I have a large word list file with one word per line. I would like to filter out the words with repeating alphabets.

INPUT:
  abducts
  abe
  abeam
  abel
  abele

OUTPUT:
  abducts
  abe
  abel

I'd like to do this using Regex (grep or perl or python). Is that possible?


回答1:


It's much easier to write a regex that matches words that do have repeating letters, and then negate the match:

my @input = qw(abducts abe abeam abel abele);
my @output = grep { not /(\w).*\1/ } @input;

(This code assumes that @input contains one word per entry.) But this problem isn't necessarily best solved with a regex.

I've given the code in Perl, but it could easily be translated into any regex flavor that supports backreferences, including grep (which also has the -v switch to negate the match).




回答2:


$ egrep -vi '(.).*\1' wordlist



回答3:


It is possible to use regex:

import re

inp = [
    'abducts'
,   'abe'
,   'abeam'
,   'abel'
,   'abele'
]

# detect word which contains a character at least twice
rgx = re.compile(r'.*(.).*\1.*') 

def filter_words(inp):
    for word in inp:
        if rgx.match(word) is None:
            yield word

print list(filter_words(inp))



回答4:


Simple Stuff

Despite the inaccurate protestation that this is impossible with a regex, it certainly is.

While @cjm justly states that it is a lot easier to negate a positive match than it is to express a negative one as a single pattern, the model for doing so is sufficiently well-known that it becomes a mere matter of plugging things into that model. Given that:

    /X/

matches something, then the way to express the condition

    ! /X/

in a single, positively-matching pattern is to write it as

    /\A (?: (?! X ) . ) * \z /sx

Therefore, given that the positive pattern is

    / (\pL) .* \1 /sxi

the corresponding negative needs must be

    /\A (?: (?! (\pL) .* \1  ) . ) * \z /sxi

by way of simple substitution for X.

Real-World Concerns

That said, there are extenuating concerns that may sometimes require more work.
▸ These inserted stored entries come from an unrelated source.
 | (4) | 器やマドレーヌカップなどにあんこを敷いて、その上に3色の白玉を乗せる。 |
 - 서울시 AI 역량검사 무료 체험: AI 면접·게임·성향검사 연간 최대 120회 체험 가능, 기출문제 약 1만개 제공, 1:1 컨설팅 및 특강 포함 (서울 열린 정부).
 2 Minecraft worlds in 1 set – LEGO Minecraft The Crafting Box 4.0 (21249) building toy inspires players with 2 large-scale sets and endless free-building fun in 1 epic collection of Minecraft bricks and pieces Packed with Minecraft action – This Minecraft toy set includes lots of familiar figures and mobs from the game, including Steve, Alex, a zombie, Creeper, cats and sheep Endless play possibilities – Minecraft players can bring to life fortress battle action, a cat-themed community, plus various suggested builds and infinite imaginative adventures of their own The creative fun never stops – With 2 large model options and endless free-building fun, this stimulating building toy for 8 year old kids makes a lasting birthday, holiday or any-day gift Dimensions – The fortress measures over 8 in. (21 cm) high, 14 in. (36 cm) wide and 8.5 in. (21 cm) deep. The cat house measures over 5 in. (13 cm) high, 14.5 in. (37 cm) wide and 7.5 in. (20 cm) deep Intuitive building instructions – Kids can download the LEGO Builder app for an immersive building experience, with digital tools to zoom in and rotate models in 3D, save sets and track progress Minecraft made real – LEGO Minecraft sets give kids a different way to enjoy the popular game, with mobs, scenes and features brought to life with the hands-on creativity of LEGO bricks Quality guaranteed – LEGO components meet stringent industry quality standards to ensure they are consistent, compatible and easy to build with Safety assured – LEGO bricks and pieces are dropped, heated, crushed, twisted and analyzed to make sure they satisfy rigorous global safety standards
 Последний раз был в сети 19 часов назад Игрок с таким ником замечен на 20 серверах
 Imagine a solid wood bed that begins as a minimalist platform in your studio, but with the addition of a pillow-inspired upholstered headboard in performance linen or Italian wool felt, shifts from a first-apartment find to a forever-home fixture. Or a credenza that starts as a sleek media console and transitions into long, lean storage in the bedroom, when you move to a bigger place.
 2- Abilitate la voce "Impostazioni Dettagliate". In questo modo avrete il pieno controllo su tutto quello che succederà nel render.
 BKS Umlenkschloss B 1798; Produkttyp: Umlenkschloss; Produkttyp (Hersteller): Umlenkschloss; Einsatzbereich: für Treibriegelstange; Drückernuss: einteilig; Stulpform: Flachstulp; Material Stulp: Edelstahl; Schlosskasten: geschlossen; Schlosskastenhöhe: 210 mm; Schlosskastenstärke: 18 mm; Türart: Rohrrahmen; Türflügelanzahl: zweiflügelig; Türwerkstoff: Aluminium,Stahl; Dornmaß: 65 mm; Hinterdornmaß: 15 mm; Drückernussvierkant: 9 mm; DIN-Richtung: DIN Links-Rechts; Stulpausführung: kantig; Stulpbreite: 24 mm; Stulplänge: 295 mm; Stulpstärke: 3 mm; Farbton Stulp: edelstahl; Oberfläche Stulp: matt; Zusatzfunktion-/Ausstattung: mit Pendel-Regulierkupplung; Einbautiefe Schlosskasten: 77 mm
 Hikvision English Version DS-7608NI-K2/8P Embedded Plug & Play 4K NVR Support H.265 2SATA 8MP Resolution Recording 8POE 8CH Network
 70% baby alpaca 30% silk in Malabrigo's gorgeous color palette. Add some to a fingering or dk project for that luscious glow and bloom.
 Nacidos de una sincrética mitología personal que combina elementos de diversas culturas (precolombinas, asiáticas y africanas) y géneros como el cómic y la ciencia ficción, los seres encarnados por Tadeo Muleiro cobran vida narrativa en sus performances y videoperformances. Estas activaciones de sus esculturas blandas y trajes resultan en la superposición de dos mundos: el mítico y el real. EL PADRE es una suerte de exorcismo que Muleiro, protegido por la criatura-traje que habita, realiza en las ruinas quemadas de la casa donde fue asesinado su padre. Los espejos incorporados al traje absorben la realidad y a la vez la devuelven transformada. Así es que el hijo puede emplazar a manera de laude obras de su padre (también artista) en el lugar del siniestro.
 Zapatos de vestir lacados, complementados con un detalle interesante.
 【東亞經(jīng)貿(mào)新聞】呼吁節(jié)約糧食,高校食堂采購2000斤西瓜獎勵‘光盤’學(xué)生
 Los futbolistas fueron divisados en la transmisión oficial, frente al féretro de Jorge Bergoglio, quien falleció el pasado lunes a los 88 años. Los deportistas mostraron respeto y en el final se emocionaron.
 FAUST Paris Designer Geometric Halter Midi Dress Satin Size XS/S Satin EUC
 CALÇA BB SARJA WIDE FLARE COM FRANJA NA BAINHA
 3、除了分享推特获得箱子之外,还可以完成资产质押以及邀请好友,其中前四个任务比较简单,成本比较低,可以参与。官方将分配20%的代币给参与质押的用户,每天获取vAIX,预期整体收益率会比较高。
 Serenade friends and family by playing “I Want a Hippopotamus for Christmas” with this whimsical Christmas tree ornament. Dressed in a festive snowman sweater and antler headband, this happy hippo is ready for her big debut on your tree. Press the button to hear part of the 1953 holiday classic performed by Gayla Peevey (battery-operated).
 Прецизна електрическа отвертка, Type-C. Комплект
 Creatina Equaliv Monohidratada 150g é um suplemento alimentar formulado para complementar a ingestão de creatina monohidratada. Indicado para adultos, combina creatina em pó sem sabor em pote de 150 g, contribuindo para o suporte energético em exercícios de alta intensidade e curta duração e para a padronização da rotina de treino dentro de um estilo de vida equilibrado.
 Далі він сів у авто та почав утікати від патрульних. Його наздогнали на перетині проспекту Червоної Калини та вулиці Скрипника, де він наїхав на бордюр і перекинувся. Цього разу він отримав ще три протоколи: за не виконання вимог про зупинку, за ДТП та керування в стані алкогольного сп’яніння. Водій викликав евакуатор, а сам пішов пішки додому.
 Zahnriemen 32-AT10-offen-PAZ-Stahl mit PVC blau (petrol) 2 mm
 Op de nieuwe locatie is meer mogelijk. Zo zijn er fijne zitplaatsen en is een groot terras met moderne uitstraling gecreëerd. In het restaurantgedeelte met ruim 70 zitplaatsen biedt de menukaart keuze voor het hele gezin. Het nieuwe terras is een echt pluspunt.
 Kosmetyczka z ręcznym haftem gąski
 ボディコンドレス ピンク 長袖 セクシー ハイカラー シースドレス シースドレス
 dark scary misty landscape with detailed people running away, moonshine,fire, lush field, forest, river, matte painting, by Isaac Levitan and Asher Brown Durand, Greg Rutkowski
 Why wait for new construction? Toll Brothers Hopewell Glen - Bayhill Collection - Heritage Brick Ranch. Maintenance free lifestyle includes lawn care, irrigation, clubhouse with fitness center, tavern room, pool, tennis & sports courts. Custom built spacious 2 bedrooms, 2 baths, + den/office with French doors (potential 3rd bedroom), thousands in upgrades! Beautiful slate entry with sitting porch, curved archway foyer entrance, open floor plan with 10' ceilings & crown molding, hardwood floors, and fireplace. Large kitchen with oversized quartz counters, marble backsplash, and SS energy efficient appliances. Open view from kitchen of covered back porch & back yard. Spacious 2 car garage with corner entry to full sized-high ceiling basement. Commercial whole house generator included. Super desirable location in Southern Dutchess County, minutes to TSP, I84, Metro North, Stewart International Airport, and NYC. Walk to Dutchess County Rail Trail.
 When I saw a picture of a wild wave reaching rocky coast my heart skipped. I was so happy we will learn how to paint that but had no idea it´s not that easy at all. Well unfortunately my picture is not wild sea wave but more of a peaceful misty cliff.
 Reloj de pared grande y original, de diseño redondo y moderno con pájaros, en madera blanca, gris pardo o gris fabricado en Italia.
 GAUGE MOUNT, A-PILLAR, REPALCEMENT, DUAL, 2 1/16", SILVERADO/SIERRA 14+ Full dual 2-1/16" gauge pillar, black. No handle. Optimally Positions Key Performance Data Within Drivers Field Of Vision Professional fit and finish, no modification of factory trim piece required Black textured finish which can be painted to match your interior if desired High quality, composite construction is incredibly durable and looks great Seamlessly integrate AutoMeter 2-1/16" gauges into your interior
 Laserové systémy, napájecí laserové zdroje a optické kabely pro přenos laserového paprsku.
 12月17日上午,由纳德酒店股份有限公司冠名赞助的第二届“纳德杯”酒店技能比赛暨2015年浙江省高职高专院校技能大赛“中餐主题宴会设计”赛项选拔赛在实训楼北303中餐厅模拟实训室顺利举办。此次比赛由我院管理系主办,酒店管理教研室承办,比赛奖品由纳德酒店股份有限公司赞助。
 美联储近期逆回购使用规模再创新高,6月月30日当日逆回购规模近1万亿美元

For example, while \pL describes any code point having the GeneralCategory=Letter property, it does not consider what to do with words like red‐violet–colored, ’Tisn’t, or fiancée — the latter of which is different in otherwise-equivalent NFD vs NFC forms.

You therefore must first run it through full decomposition, so that a string like "r\x{E9}sume\x{301}" would correctly detect the duplicate “letter é’s” — that is, all canonically equivalent grapheme cluster units.

To account for such as these, you must at a bare minimum first run your string through an NFD decomposition, and then afterwards also use grapheme clusters via \X instead of arbitrary code points via ..

So for English, you would want something that followed along these lines for the positive match, with the corresponding negative match per the substitution give above:

    NFD($string) =~ m{
        (?<ELEMENT>
           (?= [\p{Alphabetic}\p{Dash}\p{Quotation_Mark}] ) \X 
        )
        \X *
        \k<ELEMENT>
    }xi

But even with that there still remain certain outstanding issues unresolved, such as for example whether \N{EN DASH} and \N{HYPHEN} should be considered equivalent elements or different ones.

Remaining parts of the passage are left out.